I looked down at my high tops and back up at him. That was as close to a joke as I could get, so maybe he was right and I was a bit down. "They set a date for Jordan's memorial."

"Oh? When?"

"This weekend."

"Nothing like short notice...?" He sipped from a plain white institutional mug. "Although I guess it's taken them long enough."

I told him what Bart had told me about the charity and the family and so on. "Jeez. I wonder what's happening with all the stuff in his loft." I felt a shiver of ice water down my back as I thought about all the recordings. Jordan had tapes upon tapes upon tapes of musicians like me, performances and sessions that he had captured to use later, like paint he could spread on a musical canvas. All of that was probably going to be lost forever.

Yeah, no wonder I looked down.

Ziggy asked, "Will Carynne set up flights for both of us? Or...?"

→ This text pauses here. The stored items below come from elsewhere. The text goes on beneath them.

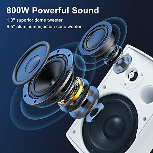 GREAT SOUND: The wall mountable speaker system powers a 6.5” aluminum injection cones subwoofer and 1.0” superior dome tweeters for added bass response, achieving crisp sounds and filling your area with clean highs, while feeling the deep bass response from the articulated sound enclosure. Long-throw subwoofers and impressive power output levels will give you sound satisfaction!
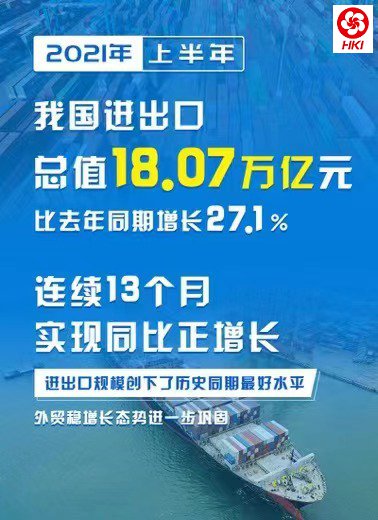 上半年,我国进出口规模创下历史同期最好水平:货物进出口总额180651亿元,同比增长27.1%,连续13个月实现同比正增长,与2019年同期相比也增长了22.8%。数据显示,机电产品出口、一般贸易进出口、民营企业进出口比重持续提升。
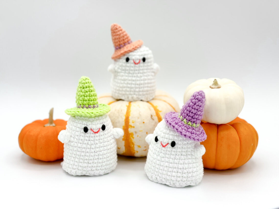 BOO! It’s me, your next project 😉 These little mini ghosts use battery-operated candle tea-lights to bring more fun to your Halloween decor! (hint: scroll all the way down to see the magic happen….) -Amy (@curiouspapaya on IG) MATERIALS: Amour Crochet 2.75mm Hook C #3 Light Worsted Cotton Yarn (here, I’m using Hobbii Friends Cotton 8/8 which offers more structure than flimsy soft yarns). White A combination of any 2 contrast colors: Pastel Green Pastel Orange Lavender Coral-colored embroidery thread 6 mm x 8 mm Oval Safety Eyes Mini…
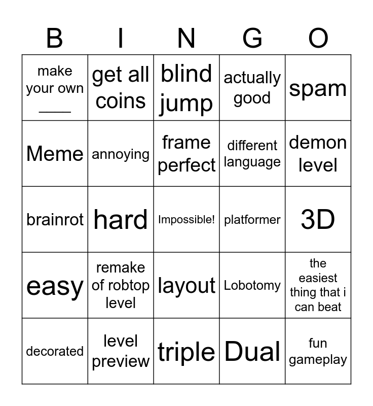 This bingo card has a free space and 39 words: feature worthy, empty level, unnamed 0, annoying, decorated, layout, frame perfect, copied level, spam, easy, hard, actually good, fun gameplay, 3D, platformer, remake of robtop level, fun gimmick, make your own ____, XL level, Lobotomy, Meme, triple, different language, demon level, portal or orb spam, yt-er challenge, makes me laugh, blind jump, beat in 1 attempt, get all coins, 2.2 filter, camera controls, blind jump, level preview, Dual, stereo madness song, the easiest thing that i can beat, brainrot and fire in the hole.
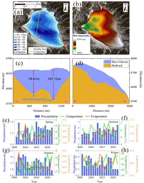 研究发现,八一冰川面积从2006年的2.68 k㎡缩减至2023年的2.36 k㎡,减少了12.17%,每年缩小的面积为2.7个标准足球场。平均冰厚从54.2m降至45.16m,最厚处减少了12.5m。冰川体积从0.153 km3骤降至0.1065 km3,锐减30.39%,消失的冰量相当于3.2个西湖。此外,八一冰川剖面可知,冰下地形存在两个“Overdeeping”区(图a-d)。这是因为,夏季6-9月平均气温以每年0.15℃的速度上升;年固态降水量以2mm/year的速度减少,冰川“补给”持续萎缩,此外,夏季液态降水增加导致蒸发量飙升,形成“消融-蒸发”恶性循环(图e-h)。研究结果突显了航空和地面综合观测在冰川学研究的重要性,建立的高精度冰川厚度和冰下地形数据,为冰厚模型参数校准和未来演化研究提供了珍贵的数据基础。
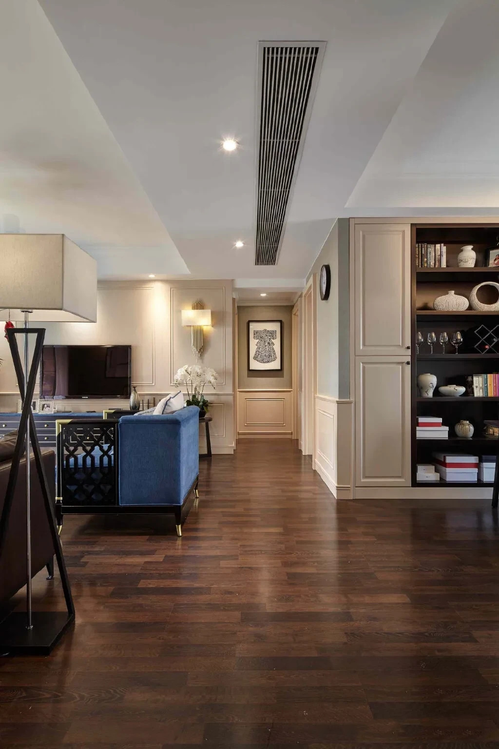 全屋实木的地板让人觉得温馨舒适,而且是室内的墙面整体做了美式元素的设计,搭配起来就十分的好看和温馨了,搭配中式风的家具装饰,让人更加的向往,比如走廊的尽头,上方就是一幅中式风的古代艺术画,真好看。
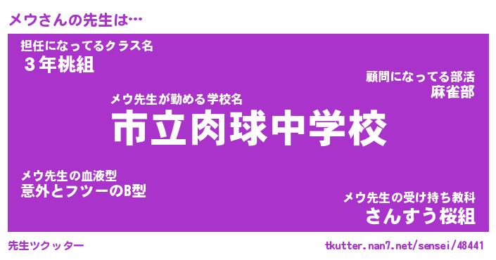 | ヘコむあだ名 | 『メウふぇ~』『牛乳』『メウお』 |
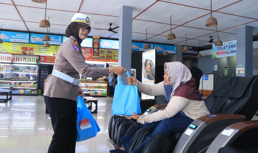 Kali ini, Wakapolres Ngawi Kompol Rizki Santoso, S.I.K., bersama Polisi Wanita (Polwan) Polres Ngawi membagikan bingkisan kepada para pemudik yang sedang beristirahat di Rest Area KM 575A.
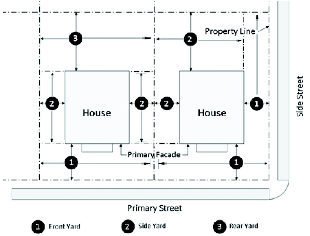 On a corner lot, each lot line which abuts a public or private street is a front lot line and the required front yard setback from each front lot line shall be met, subject to section 32-532. The owner shall elect, and so designate in the application for a permit, which of the remaining two lot lines shall be the side lot line and which the rear lot line. For a corner lot with three front lot lines, the remaining lot line shall be a rear lot line.
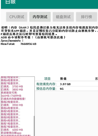 内存测试:通过暴力填充系统运行内存的方式来判别真正运行内存。
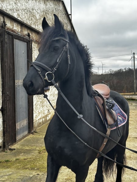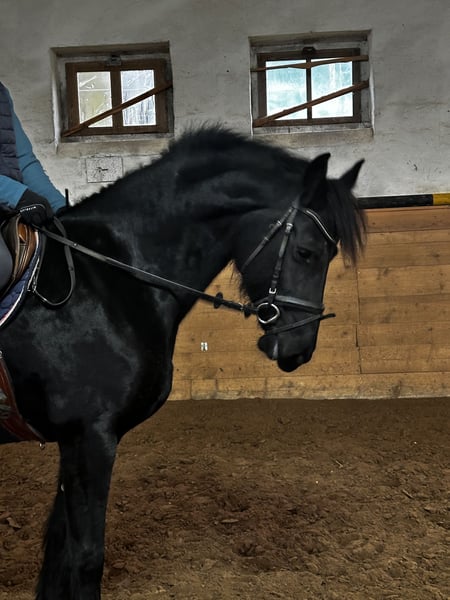 Verkaufe elegante Friesen-Stute – Geburtsjahr 2021 Zum Verkauf steht eine wunderschöne Friesen-Stute, geboren im Jahr 2021. Mit einem Stockmaß von ca. 165 cm vereint sie beeindruckende Größe und edlen Ausdruck. Die Stute ist zweispännig im Fahren einsetzbar und zeigt sich hierbei im Umgang äußerst angenehm und lernwillig, aufgrund ihres Alters benötigt sie in manchen Situationen noch einen sicheren Partner. Ideal für Reiter, die ein unverbrauchtes und charakterstarkes Pferd suchen. Sie befindet sich in professionellem Beritt und ist bereit für die nächsten Abenteuer. Nicht für Anfänger geeignet. Bei Interesse stehe ich gerne für weitere Informationen unter 01774392222 zur Verfügung. Ein Probereiten ist jederzeit möglich.
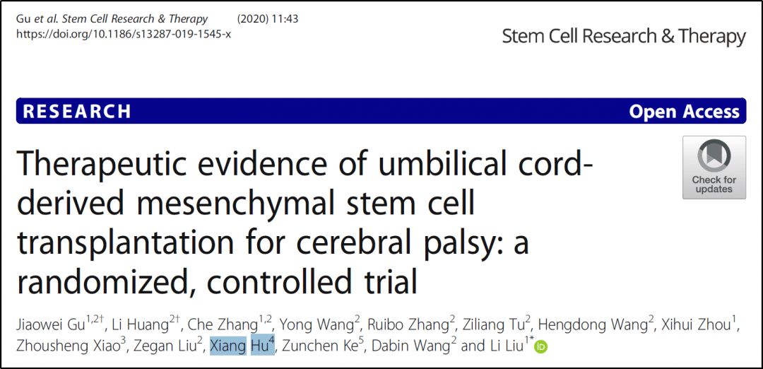 2023年2月,大連醫科大學第一附屬醫院劉晶教授在《StemCell Research &Therapy》期刊雜志上發表了一篇關于《腦癱神經干細胞鼻內給藥后的安全性和有效性結果:一項隨機1/2期對照試驗》的論文。
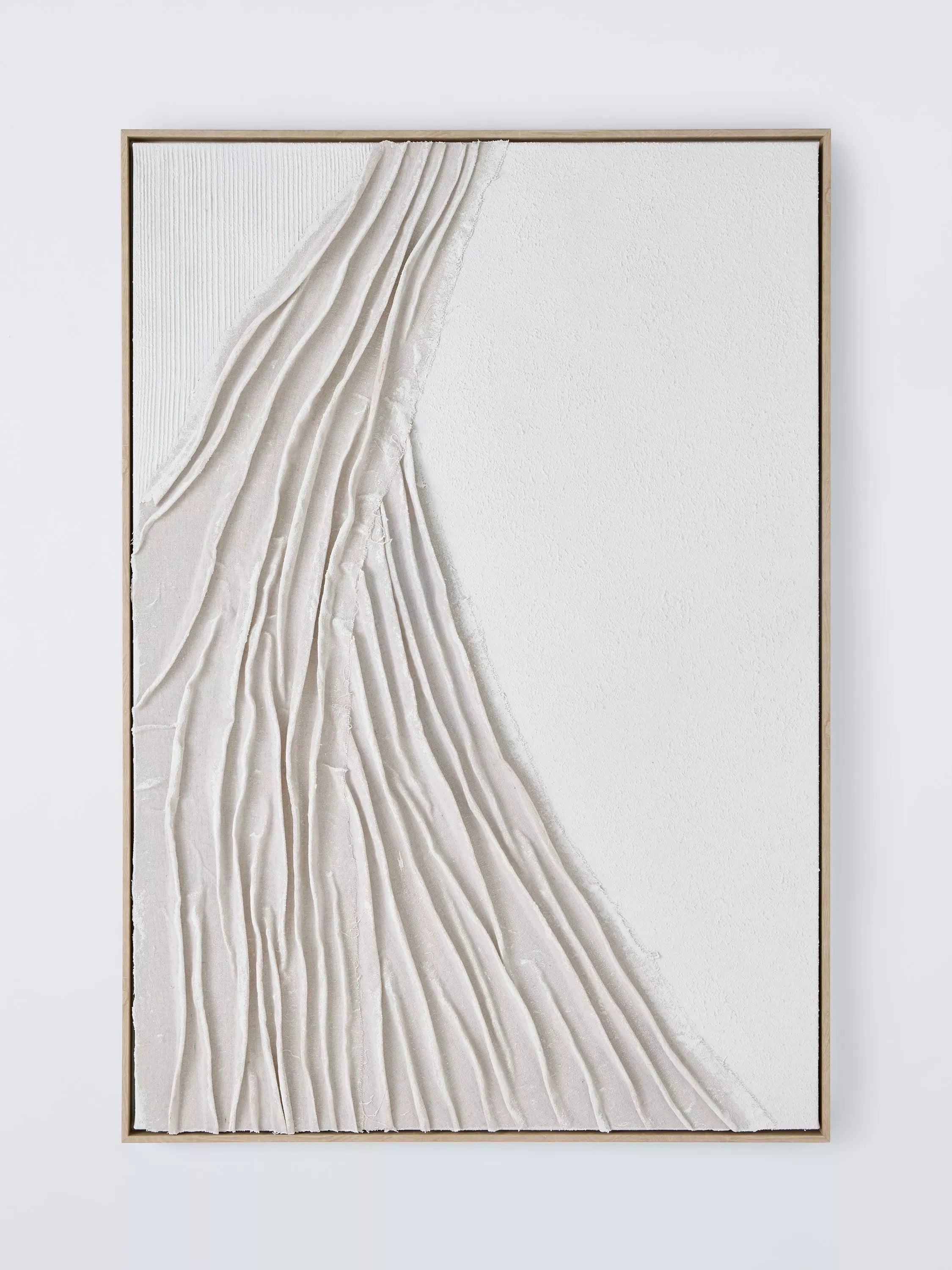 Hand-painted 3D abstract artwork in acrylic on canvas, using gauze material for texture. Presented in a wood-effect frame, ready to hang on your wall.
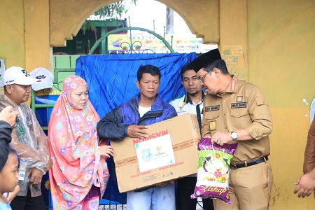 Pada kesempatan tersebut, Wakil Bupati menyerahkan bantuan dari Badan Amil Zakat Nasional kepada para korban terdampak kebakaran.

I had a moment of brain freeze and I don't mean the 7-11 Slurpee kind. What came out of my mouth was, "I don't think I should go."

Ziggy blinked at me, maybe having a moment of brain freeze of his own. "What? Why?"

It was obvious to me that leaving my mother on her own was not something that would/could/should happen. That it wasn't obvious to him had created a communication gap that I couldn't figure out how to cross. It made me somewhat annoyed with him. "Don't be ridiculous."